Selamat malam mawar, selamat malam para daun bergoyang, selamat malam kepada sekumpulan semut kayu yang sedang mengadakan ritual. Aroma getah damar bercampur kemenyan, menelusup alun menambah sendu mataku.
Selamat malam kepada kalian yang mengaku mencintai hutan seperti istri keduamu, kita biasa berdusta, bahkan terbiasa menjadikanya rutinitas pengganti doa. Entah siapa sebenarnya kita.
Truk pengangkut kayu hilir-mudik di dalam mataku, pembakaran hutan hampir-hampir memusnahkan uban di kepala, longsor dan banjir bandang yang kemarin terjadi menerjang akal sehat dan isi otak kananku.
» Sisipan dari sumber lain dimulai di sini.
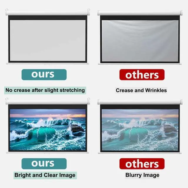 Easy to Install: The projection screen is equipped with a sturdy painted shell, supports wall-mounted or ceiling-mounted installation, and is simple and quick to install, making it easier to use

Kau bayangkan betapa sakitnya itu. Hutan sepi tanpa kunang-kunang menerangi bola mata, hanya guguran tanah humus bercampur sisa material tambang sesekali menyembur dari mulutku.
Kepalaku sakit sebelah, gelondongan kayu bernilai rupiah menggedor meminta jatah. Kepalaku hanya sebuah. Menampung keluh kesah para primata yang menjerit kehilangan tumpah darah.
Bayangkan oleh kalian yang sering berpidato tentang hutan rimba. Aku sakit, sekarat, dengan isi kepala berisi kutukan dan sumpah serapah serangga hingga puluhan jenis mamalia.
Hutan ini
Sepi
Hampir mati
Siapa peduli jika isi kepalaku adalah bunyi-bunyi tangis anak ular, siamang, macan akar, yang kehilangan masa depan.